Lack of Explicit Labels: Unlike standard training datasets (e.g., RLHF datasets), real-world conversations lack explicit preference labels, expert demonstrations, or reward signals.
Implicit Feedback: Feedback is embedded in natural language follow-up messages (e.g., "That's wrong," "Rewrite this," or "I need a shorter answer"), making it difficult to extract a principled learning signal.
Missed Opportunity: While models possess in-context learning capabilities (they can revise behavior when given a follow-up prompt), this ability is not currently leveraged to update the model's weights for future interactions.

The central question is: Can we train language models directly from raw, multi-turn user interactions in a simple, principled, and scalable manner to improve alignment and enable personalization without explicit supervision?

2. Methodology: Self-Distillation Policy Optimization (SDPO)

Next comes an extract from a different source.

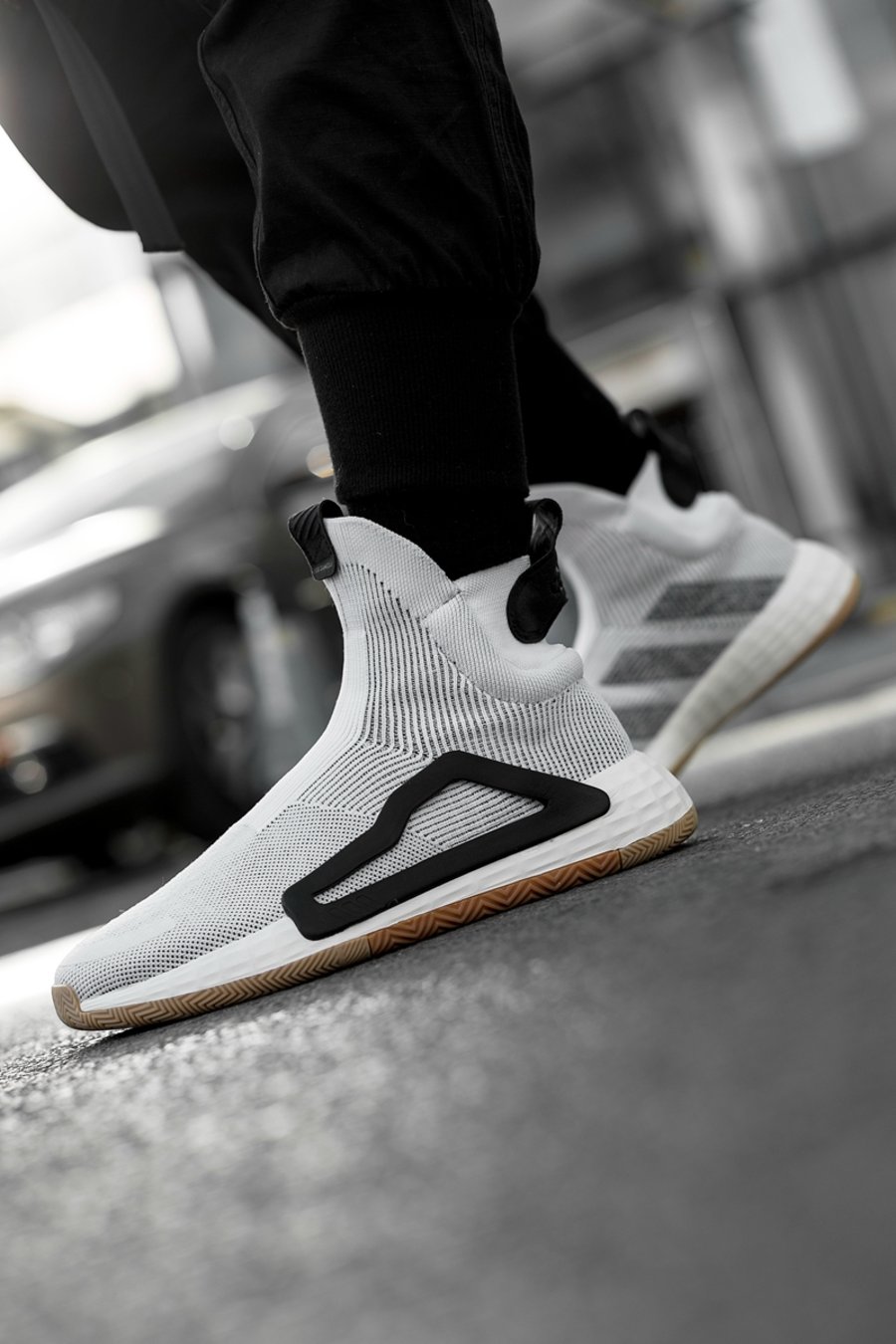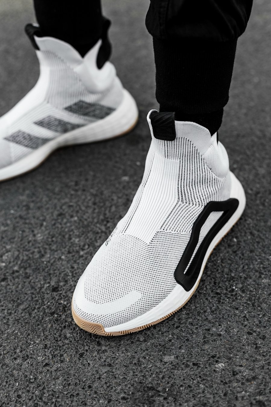 作为 adidas 历史上,第一款真正意义上完全没有鞋带构造的篮球鞋,adidas N3XT L3V3L 整体设计语言非常简洁,犹如一艘未来的飞行器,流畅的鞋身线条与夸张的高帮造型,让人过目不忘。

The authors propose SDPO, a method that treats the user's follow-up message as "hindsight" information to generate a learning signal via self-distillation.

Core Concept

The method relies on the observation that if a model sees a user's follow-up message ( $o$ ) after generating a response ( $y$ ), it can often produce a better-aligned response. SDPO distills this "hindsight" capability back into the model's original policy.

Technical Formulation

Given a conversation history $x$ , a model response $y$ , and a subsequent user message $o$ :

Original Policy: The model generates $y$ based on $x$ : $\pi_\theta(y | x)$ .
Hindsight Policy: The same model is reprompted with both $x$ and the follow-up $o$ to generate a "corrected" distribution: $\pi_\theta(y | x, o)$ .
Learning Signal (Token-Level Advantage): The authors compare the token probabilities of the original policy against the hindsight policy.
- Advantage ( $A_i$ ): Defined as the log-ratio of probabilities for the $i$ -th token $y_i$ :
  $A_i(x, y, o) = \log \frac{\pi_\theta(y_i | x, o, y_{<i})}{\pi_\theta(y_i | x, y_{<i})}$
- Interpretation:
  - If $A_i > 0$ : The token is reinforced (the hindsight model is more confident in it).
  - If $A_i < 0$ : The token is penalized (the user's follow-up suggests this token contributed to an error or misalignment).

Optimization Objectives

The paper presents two equivalent views for updating the model parameters $\theta$ :

Policy Gradient View: Treat $A_i$ as a token-level advantage to maximize the expected log-ratio.
Self-Distillation View: Minimize the reverse KL divergence between the original policy and the hindsight policy (where the hindsight policy is treated as a fixed "teacher" via stopgrad):
$L_{SDPO}(\theta) = \sum_i KL(\pi_\theta(\cdot | x, y_{<i}) \parallel \pi_\theta(\cdot | x, o, y_{<i}))$

The algorithm (Algorithm 1) iterates through interactions, sampling $y$ , observing $o$ , computing the advantage, and updating $\theta$ .

Off-Policy Variant

Since real-world logs (e.g., WildChat) often contain responses from different models (off-policy data), the authors propose a surrogate objective (Equation 4) that optimizes directly over logged tuples $(x, y, o)$ without requiring the original behavioral policy's probabilities, making it applicable to existing datasets.

3. Key Contributions

Principled Learning from Raw Data: A novel framework to learn directly from uncurated, multi-turn user conversations without explicit reward models, preference labels, or human annotation.
Self-Distillation Mechanism: Leveraging the model's own in-context learning ability as a teacher to generate training signals, effectively "distilling the model into itself."
Scalability and Simplicity: The method requires no complex reward modeling or external judges; it uses the interaction data itself to compute gradients.
Dual Capability: The approach simultaneously improves general alignment (instruction following) and enables continual personalization (adapting to individual user preferences over time).

4. Experimental Results

The authors evaluated SDPO on WildChat and WildFeedback (real-world user conversations) using Qwen3 and Olmo3 model families.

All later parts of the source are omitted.